Со мной по этому поводу никаких разговоров не велось, это было в тоне, поступках, взглядах, словом, в воздухе, которым эти пятеро дышали. И это входило в тебя или не входило — тут все зависело от твоего собственного внутреннего устройства. В меня — вошло. Раз и навсегда. В конце восьмидесятых я впервые попал в Америку, где познакомился с замечательным человеком, ставшим близким моим другом, Томом Хартманом. Том был католический священник, в молодости его прихожанином был прототип героя «Крестного отца» — тот самый «дон Корлеоне». Прихожанином не в том смысле, что этот дон к нему в храм приходил, а в том, что Том как духовный наставник регулярно бывал у дона в доме, наставляя духовно и приобретая разнообразный житейский опыт. Сошлись мы с Хартманом на том, что у него на Лонг-Айленде была своя телестудия, где под его руководством и часто с его участием делались многочисленные духовные передачи. Одна из них «Где живет Бог?», которую он делал вместе с соседом-раввином Марком Геллманом, вышла далеко за пределы Нью-Йорка и стала общенациональной детской передачей о религии для детей. В общем, Том был еще и телезвездой. При этом он никогда и никого не учил. Этим решительно противостоя всему моему опыту общения со священниками, правда, в основном — православными. Том делился жизненным опытом, духовным опытом, опытом пережитых страданий, своих и чужих, никогда ничего не навязывая. И он очень хорошо понимал людей. Именно ему я часто и много рассказывал о своей семье, о своем атеизме и его происхождении. Однажды, было это уже в середине девяностых, после нескольких визитов в Штаты, где встреча с Томом была всякий раз одной из обязательных целей поездки, и после его прилета в Москву в 90-м, словом, после того, как нам удалось сердечно сблизиться, Том решил посягнуть на основы моего атеизма. Было это в Нью-Йорке, перед отлетом. Том привез меня в аэропорт Кеннеди, до регистрации оставалось много времени, и мы засели в пабе по соседству с аэропортом, где к нам (уж не помню — то ли это было заранее согласовано, то ли Том позвонил ему с дороги) присоединился приятель Тома, тоже священник, но известный не телевизионной или благотворительной деятельностью, а проповедничеством: он не имел своего прихода и ездил, произнося проповеди, по приходам чужим, где в зависимости от успешности произнесенной проповеди задерживался еще на день-два, чтобы произнести новую проповедь.
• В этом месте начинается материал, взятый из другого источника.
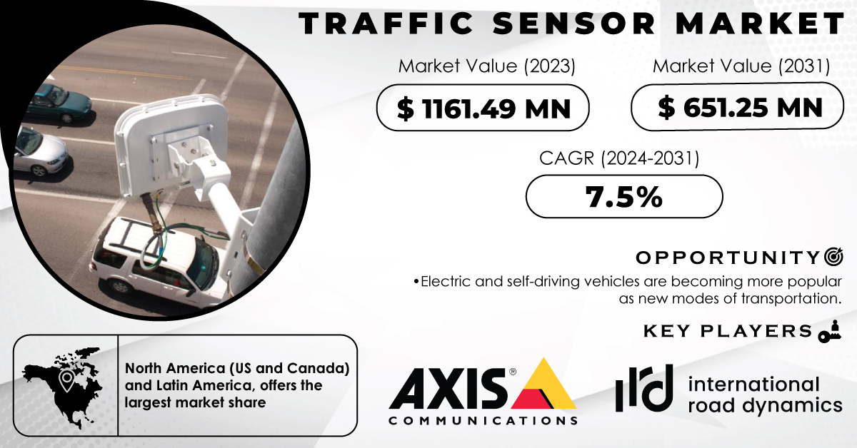 AUSTIN, TEXAS, UNITED STATES, May 29, 2024 /EINPresswire.com/ -- Traffic Sensor Market SizeAccording to a comprehensive report by SNS Insider, the global traffic sensor market is projected to reach a substantial value of USD 1161.49 million by 2031, a significant increase from its valuation of USD 651.25 million in 2023. This growth trajectory reflects a robust compound annual growth rate (CAGR) of 7.5% throughout the forecast period of 2024-2031.

И вот в самой непринужденной обстановке, да еще с бокалами пива в руках, стали они меня спрашивать: может быть, ты просто неправильно называешь то чувство, которое тебя ведет в жизни, может, оно и есть Бог? Кто-то же помогает тебе, шепчет твоей совести, что истинно, а что ложно, так почему ты не называешь это Бог? В общем, стал давить на меня этот проповедник, и сидим мы красивые, с пивом, в благолепии темного дерева и кожаных кресел, и хочется мне объяснить себя им.
«То, что вы называете Богом, — это все не сегодняшнее, а завтрашнее: и страшный суд, и справедливость, и рай, и ад. А то, что заменяет мне Бога,— оно сегодняшнее и вчерашнее: моя семья, дух этой семьи. Он и ведет меня по жизни, к нему я апеллирую как к совести, он уже существующий мой рай»,— так я примерно сказал.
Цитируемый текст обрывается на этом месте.